- Born: 2 July 1873
- Died: 29 December 1948 (aged 75) Bath, Somerset
- Allegiance: United Kingdom
- Branch: British Army
- Service years: 1893–1920
- Rank: Brigadier-General
- Unit: Prince of Wales's Leinster Regiment (Royal Canadians)
- Commands: 61st Infantry Brigade
- Conflicts: First World War
- Awards: Companion of the Order of St Michael and St George

= James Kilvington Cochrane =

British Army general (1873–1948)

Brigadier-General James Kilvington Cochrane, (2 July 1873 – 29 December 1948) was a senior British Army officer during the First World War.

==Biography==
Born in 1873, James Kilvington Cochrane was educated at Bedford School and at the Royal Military College, Sandhurst.

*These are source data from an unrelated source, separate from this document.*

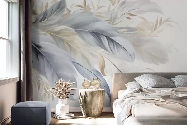 Фотошпалери Текстуровані пастельні пір'їнки та ніжні листочки на світлому тлі w09763
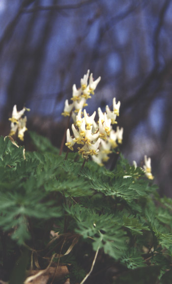 Dicentra cucullaria (Linné) Bernhardi. 46° 38' 15,5" N - 072° 06' 14,2" O, Capitale-Nationale, MRC Portneuf, Deschambault-Grondines, Grondines-Station, 4e rang, érablière riche, le jeudi 4 mai 1995. Photo Dicentra_cucullaria_950501_11a. (Dicentra)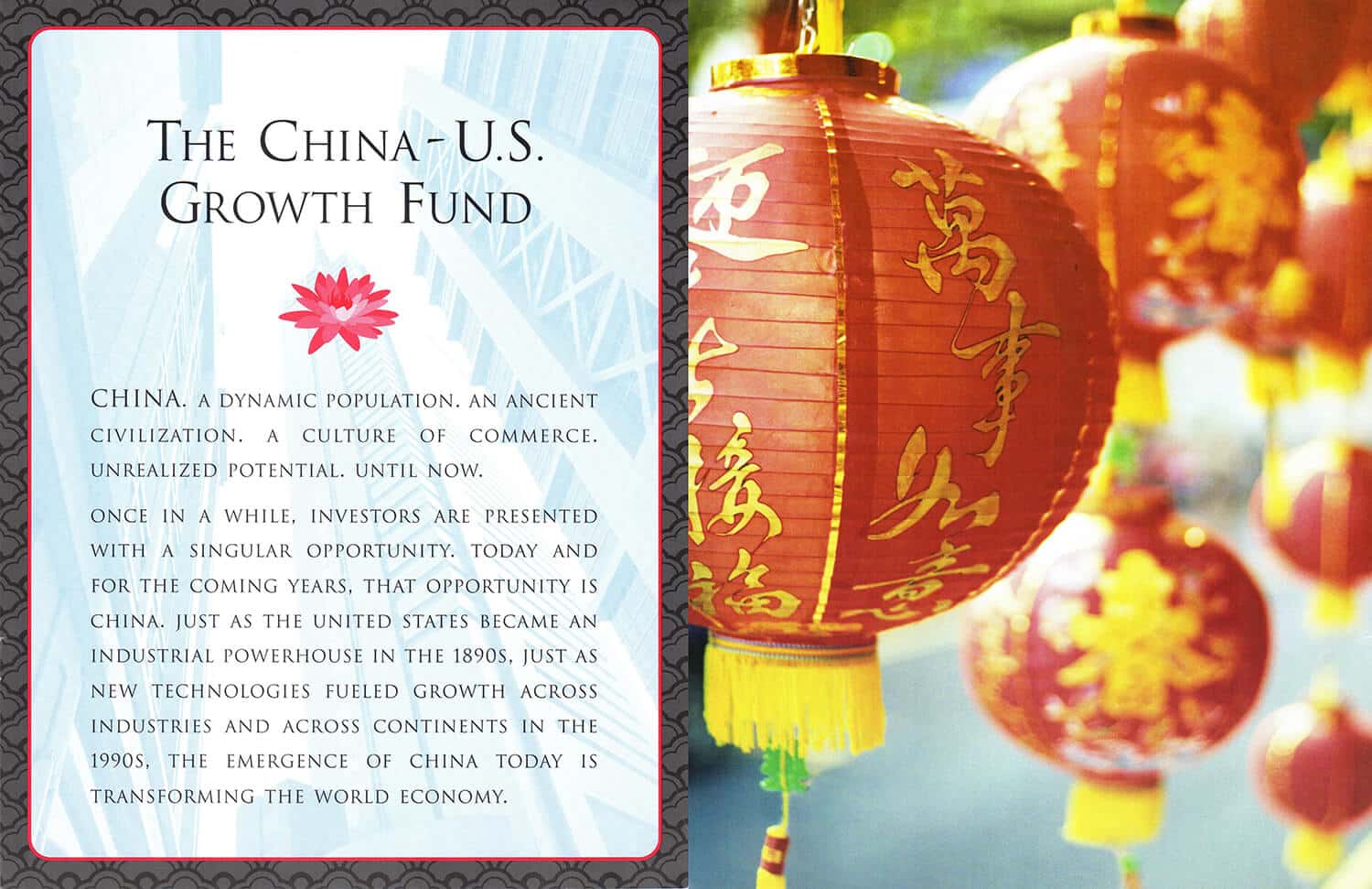Concepted, presented, designed, and oversaw printing of the launch materials for a new China-focused investment fund
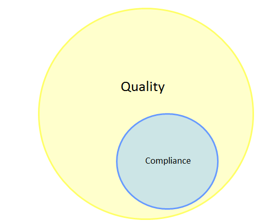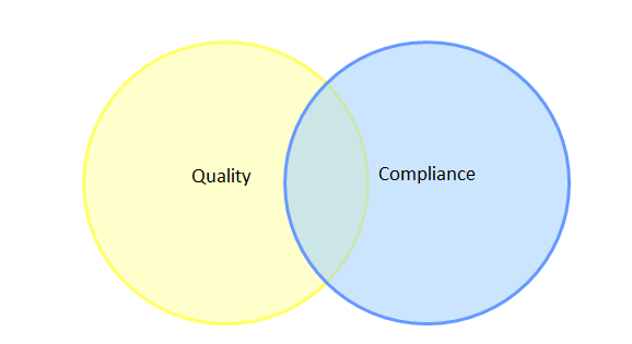 Figure 1: Typical Venn diagram sketched by industry practitioners to illustrate the relationship between quality and compliance

He received his first commission as a second lieutenant in the Prince of Wales's Leinster Regiment (Royal Canadians) in 1893, and was promoted to lieutenant on 6 October 1894, and to captain on 5 July 1899. He was seconded to the Northern Nigeria Regiment in the West African Frontier Force, and served during the expedition against the Bida and Kontagora Emirate in 1901. The following year he was appointed resident at Gujba, when a British garrison was established in Lower Borno. He served during the First World War, between 1914 and 1918, commanding the 61st Infantry Brigade.

Brigadier General Cochrane was invested as a Companion of the Order of St Michael and St George in 1919. He retired from the British Army in 1920 and died in Bath, Somerset, on 29 December 1948, aged 75.